Ownership / Licensing

  1. Source code licensing / Intellectual property
    • Describe your approach to intellectual property and source code licensing. Is your product’s source code released under an open-source license?  What license do you intend to use, and is there any flexibility in your choice?  Besides source code licensing, do you claim any proprietary processes or other intellectual property that would need licensing (e.g. Software-as-a-Service)?
  2. Ownership/reuse of code
    • Describe the licensing model of your software solution. Is an ongoing subscription required, or does PCORnet maintain a perpetual license to use the solution?  If selected for use in PCORnet, would individual networks or network partners (e.g., sites) be free to use it for their own internal purposes?  Would there be any additional costs involved in this reuse?
  3. Transparency
    • Describe whether the source code can be shared with PCRF, network partners, etc., either under a Non-Disclosure/Confidentiality Agreement or some other approach. Describe any reference implementation that can prove your software’s functionality and cryptography. Will the interfaces to your software be well described and documented so that other implementations can inter-operate with your proposed approach?

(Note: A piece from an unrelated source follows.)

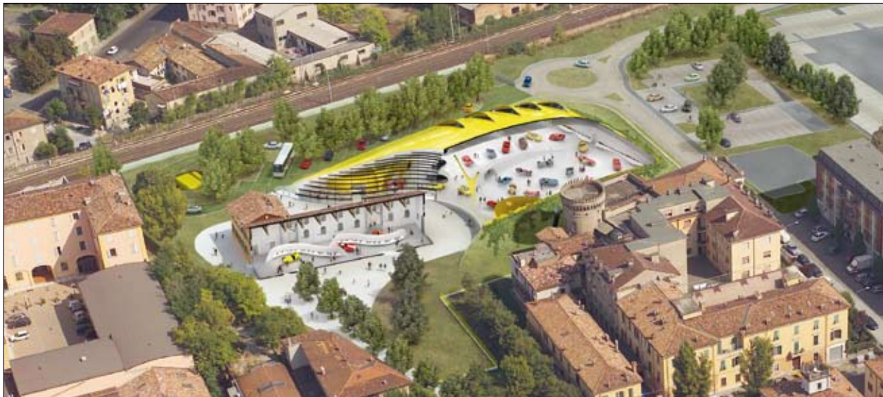
Simulazione al computer della parte esterna della casa natale di Enzo Ferrari. Sotto: l'immagine dell'interno.

Il degrado della pietra appare alquanto vario e differenziato in base alla tipologia di materiale e alla sua esposizione. Si prevede, quindi, di agire solo dove necessario per problematiche di conservazione delle pietre o per rischi di caduta di frammenti, senza cancellare completamente gli interventi del passato. Per tener conto delle esigenze ambientali, nelle lavorazioni verranno impiegati prevalentemente prodotti all'acqua e, qualora non fosse possibile, si dovranno utilizzare sostanze con minima tossicità.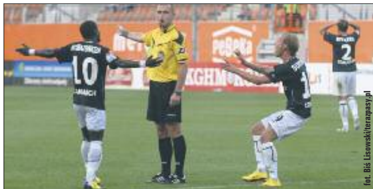
Wynik jesienno meczu obu drużyn wypaczyły decyzje nieudolnego arbitra.

Request for Proposal Timeline

Request for Proposal Timeline:

Register for an account in the SmartSimple system no later than 1/24/2019 at 5pm PT.

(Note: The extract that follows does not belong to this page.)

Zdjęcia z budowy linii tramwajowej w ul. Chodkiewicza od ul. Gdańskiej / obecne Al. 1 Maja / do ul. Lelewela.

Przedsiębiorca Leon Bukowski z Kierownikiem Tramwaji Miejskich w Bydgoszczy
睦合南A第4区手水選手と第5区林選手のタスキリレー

All proposals in response to this RFP are due no later than 2/1/19 at 5pm PT.

Evaluation of proposals will be conducted from 2/2/19 to 2/28/19. If additional information or discussions are needed with any applicants during this window, the applicant(s) will be notified.

The selection decision for the winning proposal will be made no later than 3/1/19 at 5pm PT.

Notifications to applicants who were not selected will be completed by 3/1/19 at 5pm PT.

Upon notification, contract negotiation with the winning applicant will begin immediately.

Contact Information

Your primary point of contact is Lindsey Petro [[email protected]].


Appendix A: Budget Templates

Please prepare a budget justification (<2 pages) to accompany the following templates:


Year 1 Cost

    1. Software License
    2. Implementation Support
      1. Sites (Hashing Function)
      2. Coordinating Center (Matching Function)



Year 1 Cost

  1. Software License
  2. Ongoing Technical Support


PCRF has a 10% cap on indirect costs. For purposes of calculating the indirect costs, use the total direct costs, consisting of all direct costs and up to the first $25,000 of each subaward for the entire period of the award.